## YOUR GOAL
The material beneath this line should be printed exactly, with its pictures omitted.

## PROVIDED MATERIAL
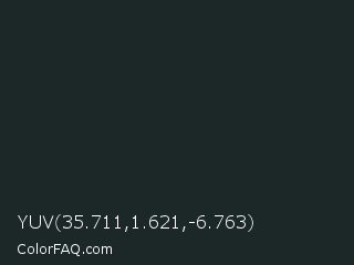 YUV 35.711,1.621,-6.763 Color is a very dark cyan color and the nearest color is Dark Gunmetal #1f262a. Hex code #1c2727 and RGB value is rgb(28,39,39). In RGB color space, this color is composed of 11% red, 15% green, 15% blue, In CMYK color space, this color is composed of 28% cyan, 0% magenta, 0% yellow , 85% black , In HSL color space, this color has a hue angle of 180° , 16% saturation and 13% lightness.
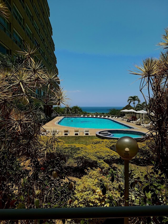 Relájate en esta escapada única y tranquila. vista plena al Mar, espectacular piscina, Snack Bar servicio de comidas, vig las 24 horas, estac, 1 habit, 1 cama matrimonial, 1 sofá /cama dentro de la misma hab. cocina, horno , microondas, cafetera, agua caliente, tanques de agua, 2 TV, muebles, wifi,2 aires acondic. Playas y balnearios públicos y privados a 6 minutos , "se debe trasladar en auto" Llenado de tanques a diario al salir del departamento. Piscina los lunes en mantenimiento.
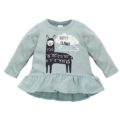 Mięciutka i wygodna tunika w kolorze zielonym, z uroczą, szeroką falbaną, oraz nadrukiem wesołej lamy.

## ANSWER BOX
 YUV 35.711,1.621,-6.763 Color is a very dark cyan color and the nearest color is Dark Gunmetal #1f262a. Hex code #1c2727 and RGB value is rgb(28,39,39). In RGB color space, this color is composed of 11% red, 15% green, 15% blue, In CMYK color space, this color is composed of 28% cyan, 0% magenta, 0% yellow , 85% black , In HSL color space, this color has a hue angle of 180° , 16% saturation and 13% lightness.
 Relájate en esta escapada única y tranquila. vista plena al Mar, espectacular piscina, Snack Bar servicio de comidas, vig las 24 horas, estac, 1 habit, 1 cama matrimonial, 1 sofá /cama dentro de la misma hab. cocina, horno , microondas, cafetera, agua caliente, tanques de agua, 2 TV, muebles, wifi,2 aires acondic. Playas y balnearios públicos y privados a 6 minutos , "se debe trasladar en auto" Llenado de tanques a diario al salir del departamento. Piscina los lunes en mantenimiento.
 Mięciutka i wygodna tunika w kolorze zielonym, z uroczą, szeroką falbaną, oraz nadrukiem wesołej lamy.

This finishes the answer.